◆ Your task
Omitting any pictures, transcribe the entries below exactly.

##########

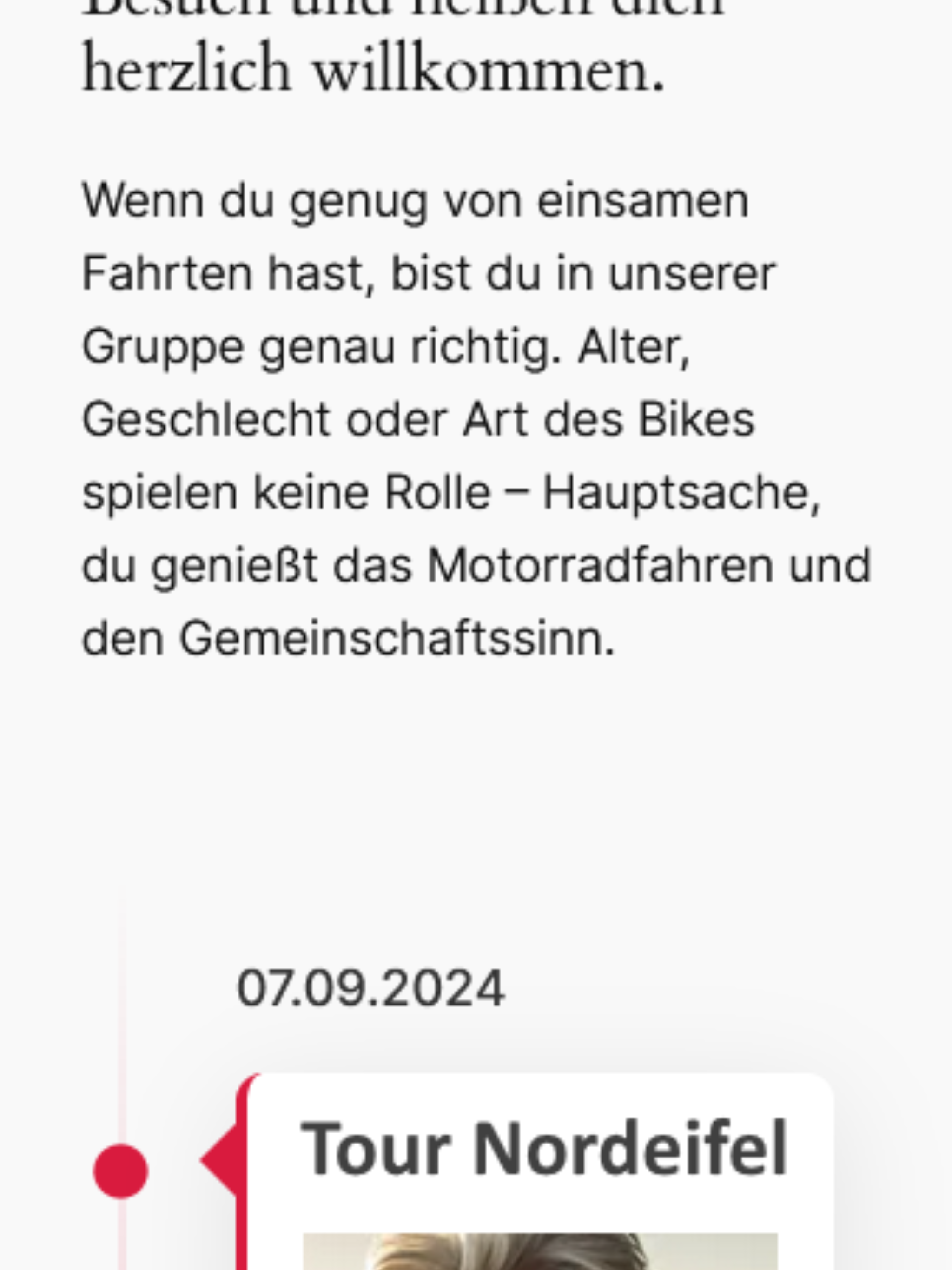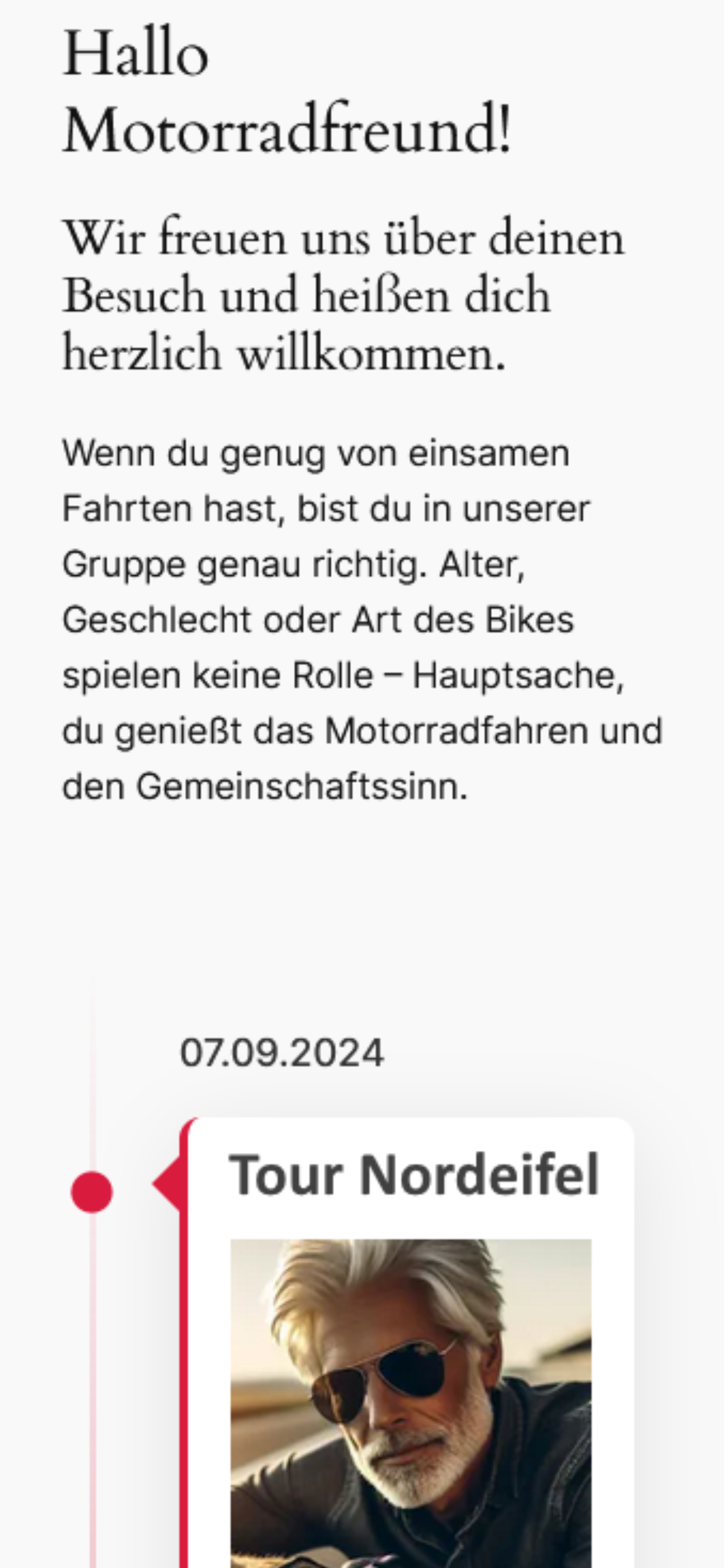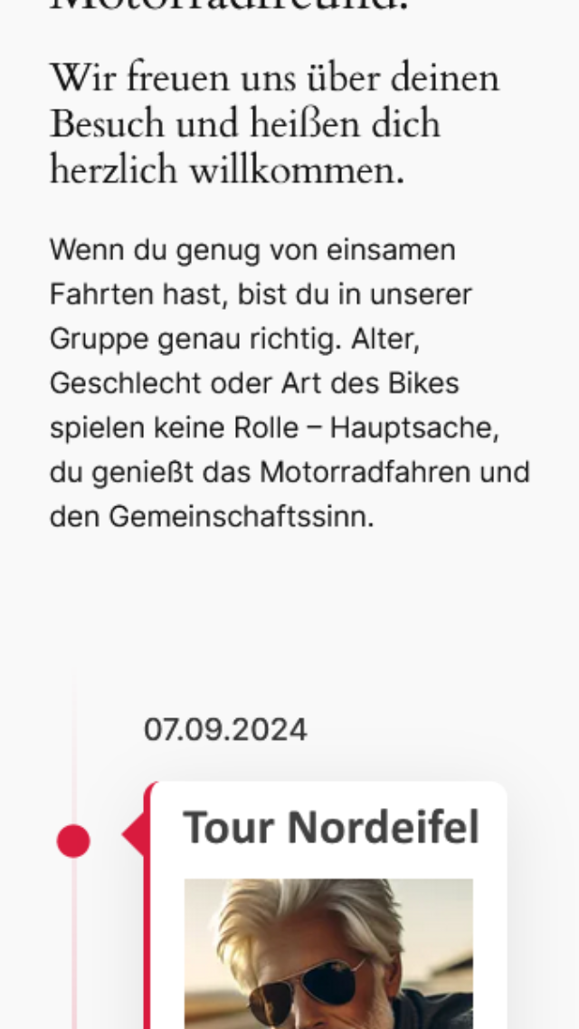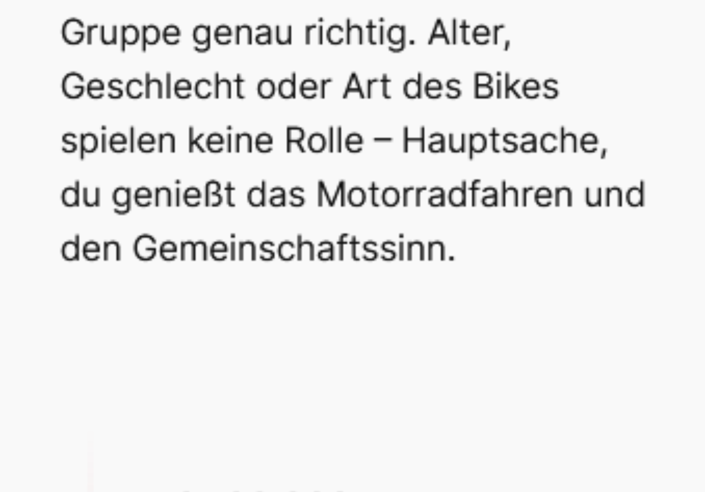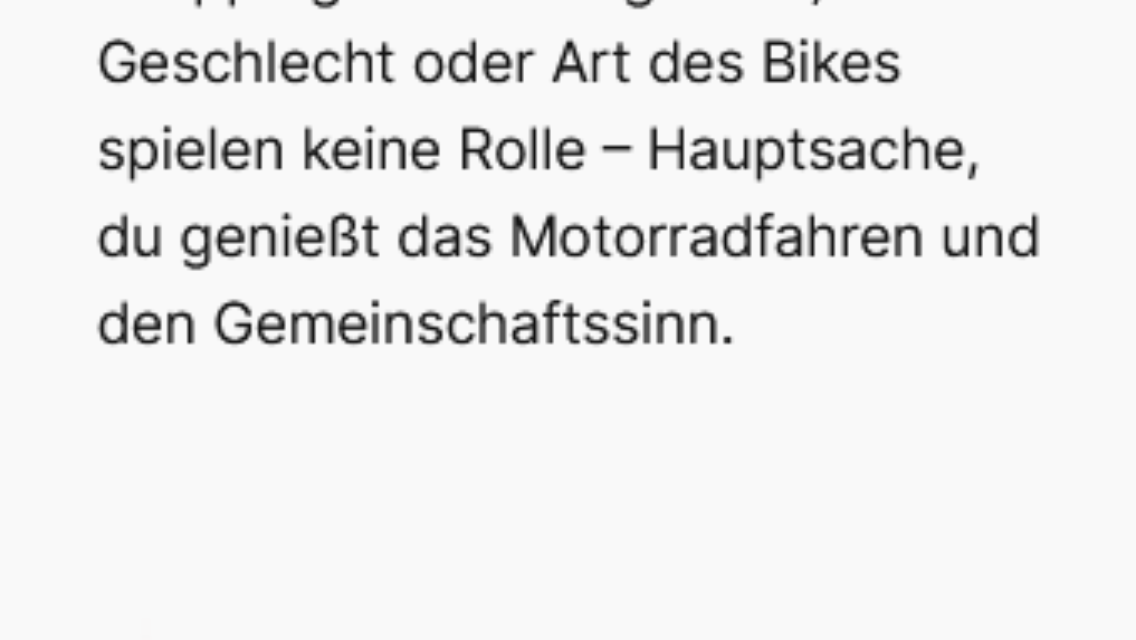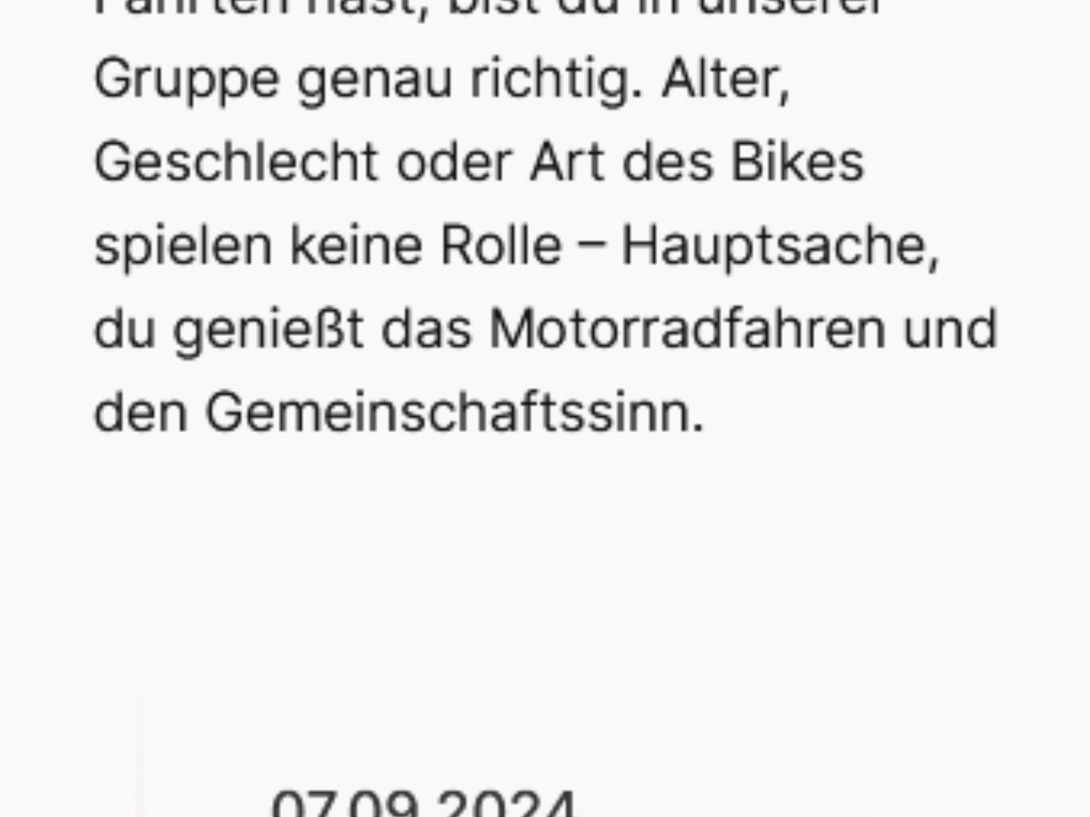 Wenn du genug von einsamen Fahrten hast, bist du in unserer Gruppe genau richtig. Alter, Geschlecht oder Art des Bikes spielen keine Rolle – Hauptsache, du genießt das Motorradfahren und den Gemeinschaftssinn.
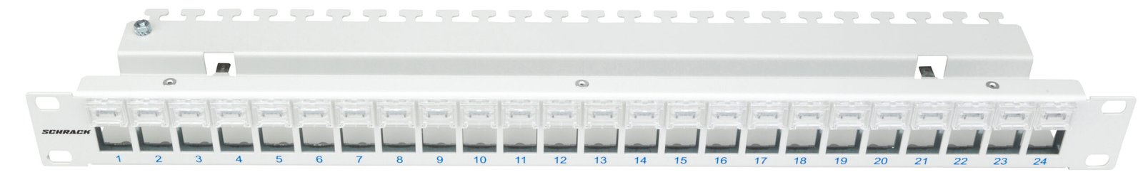1HE, RAL7035 Lichtgrau, einteilig, Patchkabelverriegelung oben
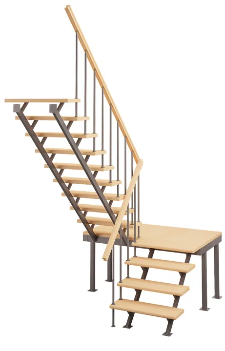 Лестница поставляется в разобранном виде, упакованная в два ящика. Монтаж производится силами двух человек, в соответствии с указаниями, приведёнными в паспорте лестницы.
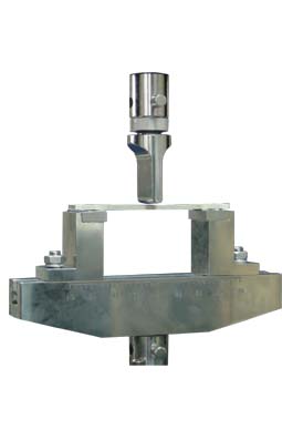 測量材料抗折或彎曲性能的一種試驗(yàn)方法。將條狀試樣平放于彎曲試驗(yàn)夾具中,形成簡支梁形式,支撐試樣的兩個(gè)下支撐點(diǎn)間的距離視試樣長度可調(diào),而試樣上方只有一個(gè)加載點(diǎn)。
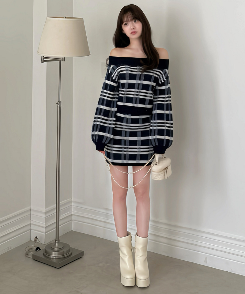 デコルテを美しく魅せるオフショルデザインやスカートのタイトシルエットが女性らしさを演出してくれます。
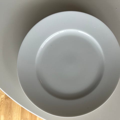 Selger et stort rundt hvitt serveringsfat, 32 cm i diameter.
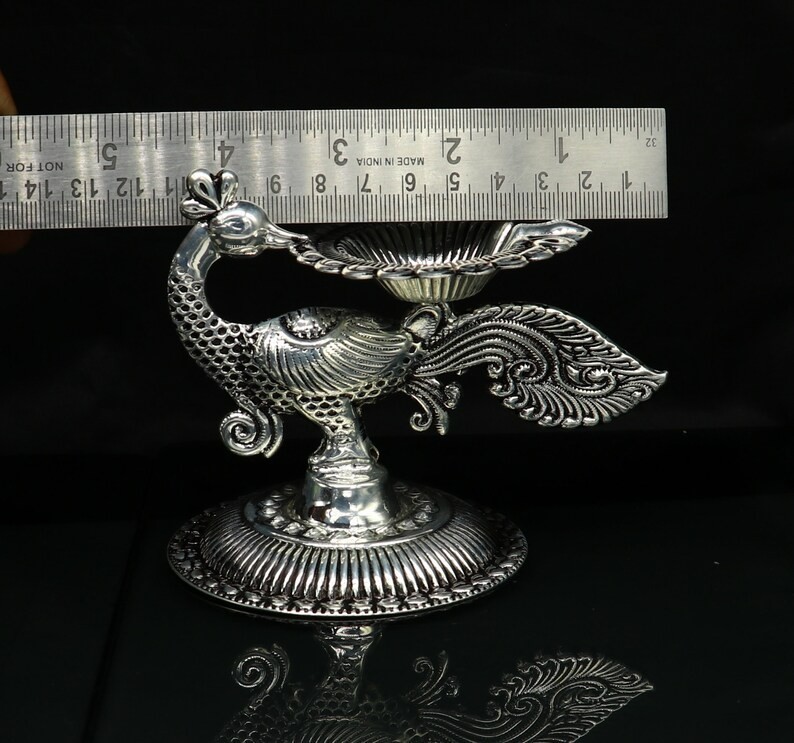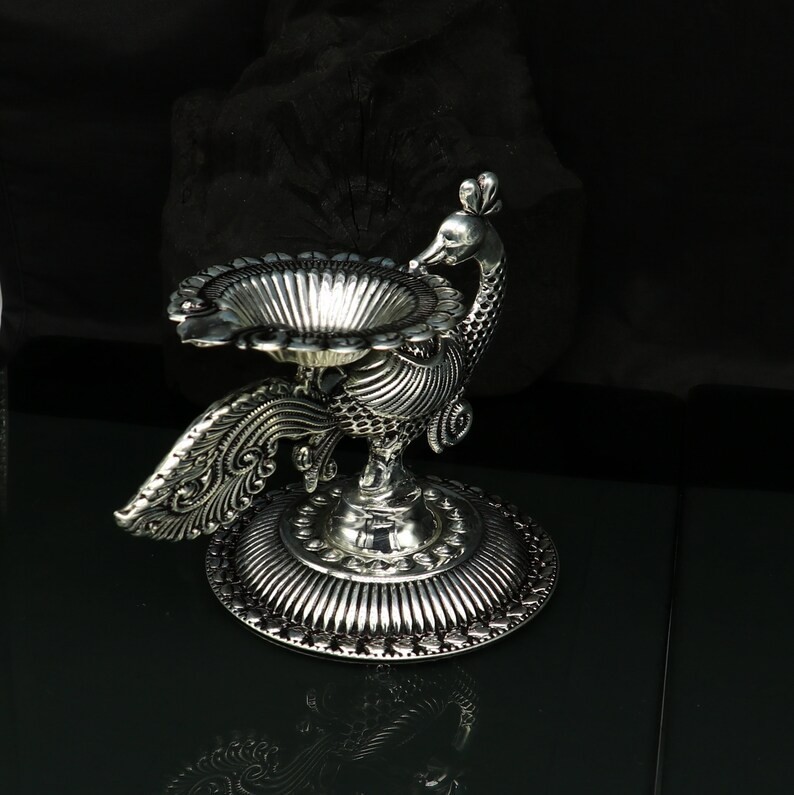 925 sterling silver peacock design silver deepak utensils puja article su86
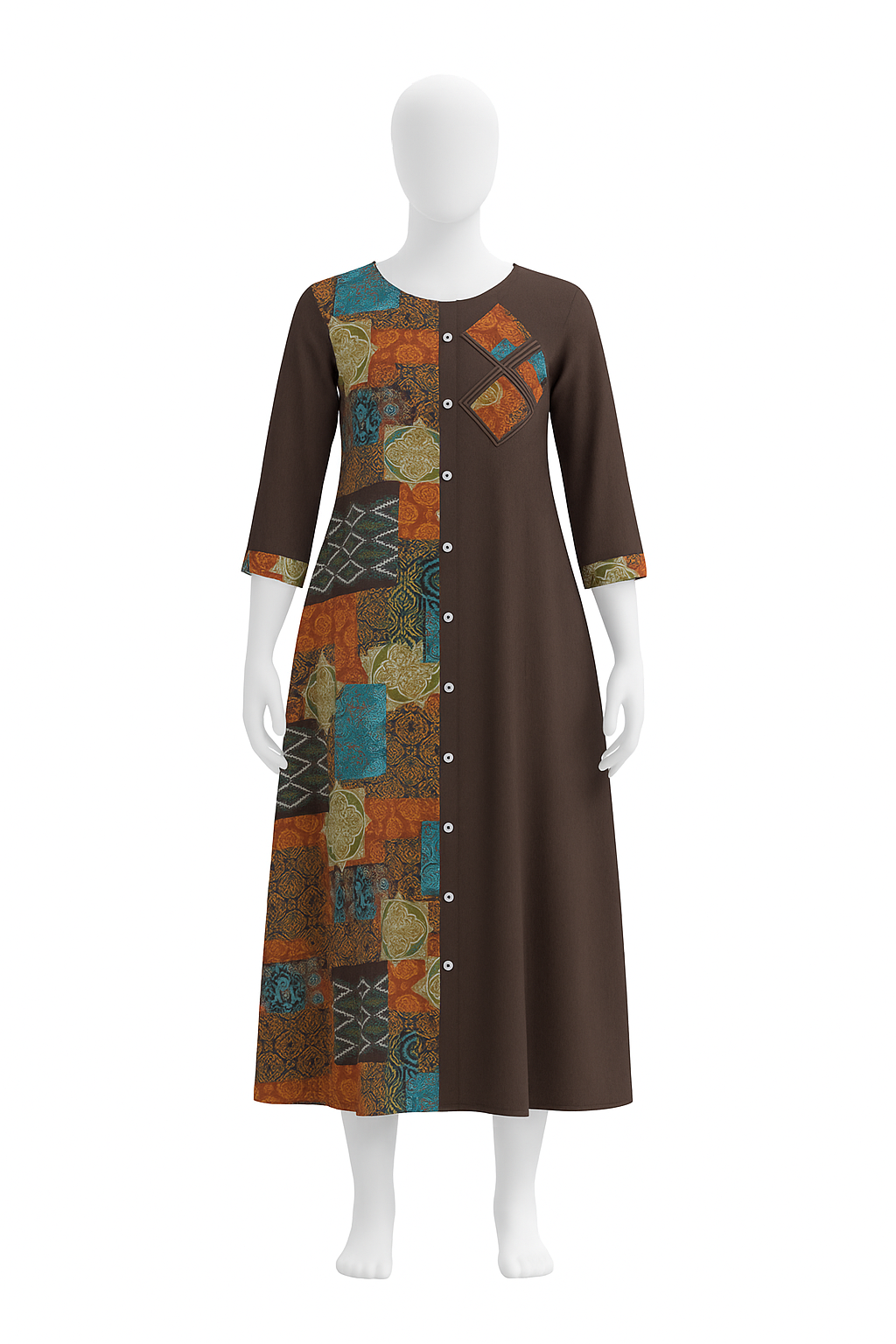 The dress is tailored with precision, highlighting clean front button finishing, perfectly aligned patchwork, and neat cuff detailing.

##########

◆ Exercise response
 Wenn du genug von einsamen Fahrten hast, bist du in unserer Gruppe genau richtig. Alter, Geschlecht oder Art des Bikes spielen keine Rolle – Hauptsache, du genießt das Motorradfahren und den Gemeinschaftssinn.
1HE, RAL7035 Lichtgrau, einteilig, Patchkabelverriegelung oben
 Лестница поставляется в разобранном виде, упакованная в два ящика. Монтаж производится силами двух человек, в соответствии с указаниями, приведёнными в паспорте лестницы.
 測量材料抗折或彎曲性能的一種試驗(yàn)方法。將條狀試樣平放于彎曲試驗(yàn)夾具中,形成簡支梁形式,支撐試樣的兩個(gè)下支撐點(diǎn)間的距離視試樣長度可調(diào),而試樣上方只有一個(gè)加載點(diǎn)。
 デコルテを美しく魅せるオフショルデザインやスカートのタイトシルエットが女性らしさを演出してくれます。
 Selger et stort rundt hvitt serveringsfat, 32 cm i diameter.
 925 sterling silver peacock design silver deepak utensils puja article su86
 The dress is tailored with precision, highlighting clean front button finishing, perfectly aligned patchwork, and neat cuff detailing.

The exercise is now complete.